We are not ascetics. We love good food and wine (well, Sue’s pancreas has decided she can’t have alcohol any more, but she loves the smell) and we prefer nice furniture to garage sale stuff. We like a comfortable life and nice things.

Clearly, though, folks who are doing their best to divest themselves of stuff aren’t focused on said stuff too much.

Our goal is a simple lifestyle. This doesn’t mean living on crummy food or in dingy basements. (Consider that some of our best alcoholic beverages originated in monasteries.) It’s about choosing which stuff needs to be nice, and which stuff doesn’t matter.

I read this sentence this morning:

“This world’s advertising elements try to build in us a desire for a flood of consumer goods that we do not need. (Italics mine.)

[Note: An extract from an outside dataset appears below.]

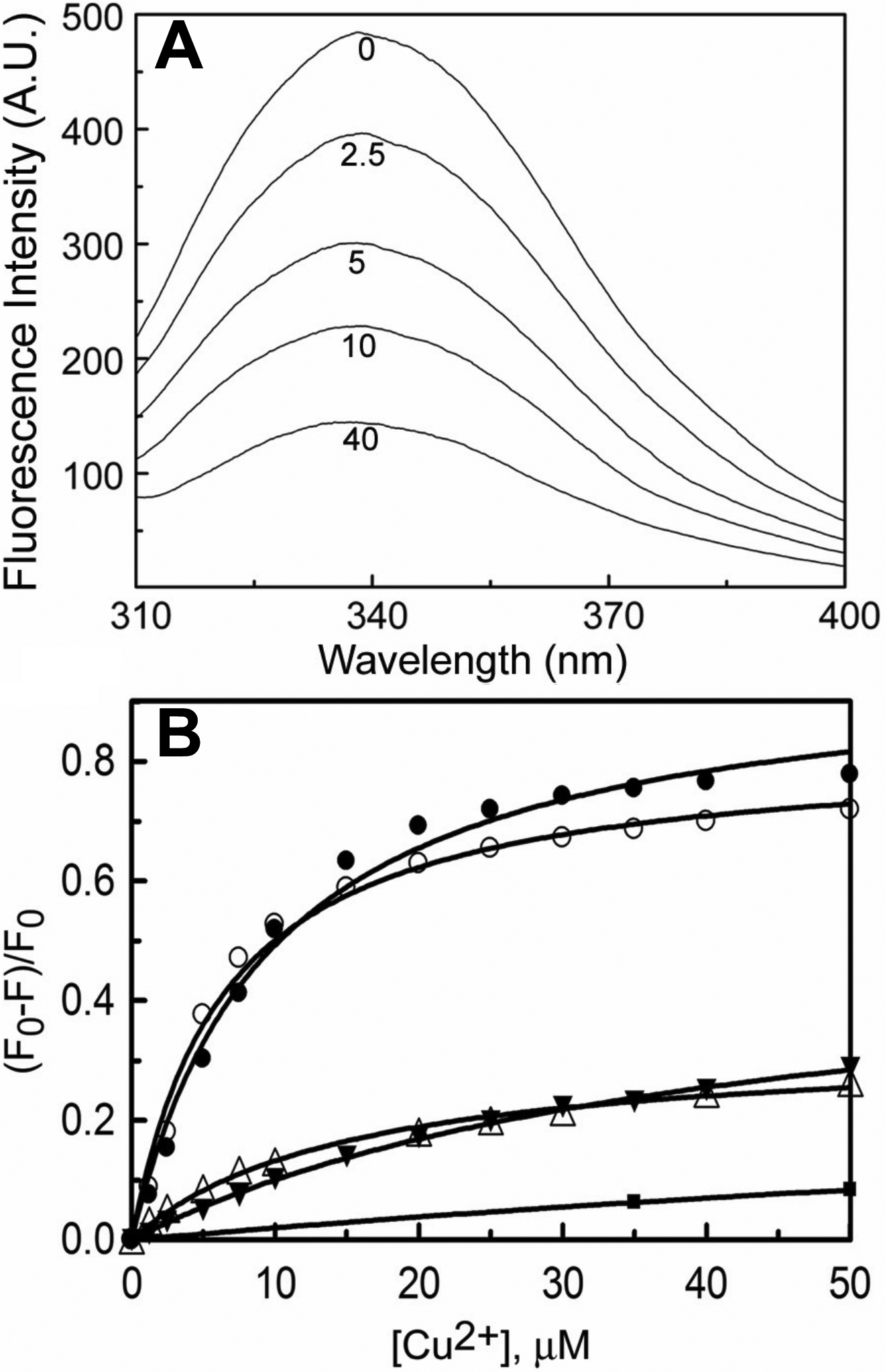 fluorescence intensities at 337 nm in the absence and in the presence Cu2+.

Need. That can be a tough word to define, and we’re in the process of redefining it for ourselves.

Most of us can agree that the average family does not need six cars, or a house with more bathrooms than people.

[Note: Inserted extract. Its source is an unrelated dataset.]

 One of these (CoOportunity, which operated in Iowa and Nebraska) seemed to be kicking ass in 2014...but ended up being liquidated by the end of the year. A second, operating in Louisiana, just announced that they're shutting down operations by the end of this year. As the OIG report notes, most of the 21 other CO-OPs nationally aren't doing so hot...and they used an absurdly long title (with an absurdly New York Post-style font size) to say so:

But how many computers does our family ‘need’ ? Does Fiona need a computer? Do I need all my musical instruments?

Drawing the line between ‘need’ and ‘want’ is a difficult and, in the end, subjective and personal challenge. Resisting the media’s crushing push to make me want more more more, though, is an imperative.


  1. Joel,

    Same thing I and Frances were discussing some months back. Why it’s too important to buy things via credit card? Can’t we control our wishes? Yes we can! But that little Satan’s plastic card in our wallet doesn’t let us:)

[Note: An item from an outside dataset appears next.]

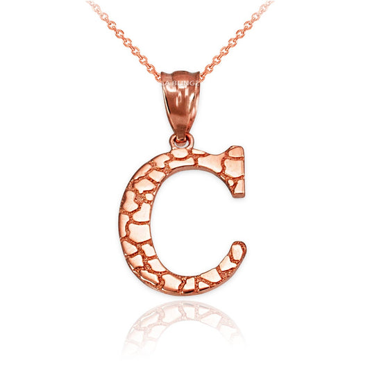 Gold Nugget Alphabet Initial Letter "C" Pendant Necklace (yellow, white, rose gold)
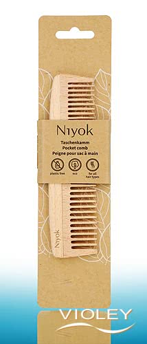 Niyok Lommekam. Denne kompakte kam af bøgetræ er et praktisk og holdbart redskab til hårpleje. Dens praktiske størrelse gør den til en god rejseledsager. Den passer nemt i tasken eller bagagen, så du kan holde dit hår velplejet når som helst og hvor som helst. Lommekammen har fint forarbejdede, tæt placerede tænder, som er velegnede til både kort og langt hår. De antistatiske egenskaber i trækammen reducerer krus og sikrer glat, skinnende hår. På trods af sin kompakte størrelse er kammen behagelig at holde på og giver en præcis håndtering, som gør det nemt at rede håret ud og style det.

    Guess what? I don’t keep credit card:)

  2. Ah, Caitlyn, despite how it may look, I love clothes. I tend to pack far more than I need for most trips.

    And I brought four pairs of shoes for our short trip, not to mention 15 mismatched socks (Little Miss Matched, in fact) which I wear around the house.

  3. Kamil, we’ve developed the habit of using our credit cards as a way to track expenses, to avoid carrying too much cash, but definitely not to buy things we can’t afford.

    Of course, those for whom the temptation is too much shouldn’t carry the card, right?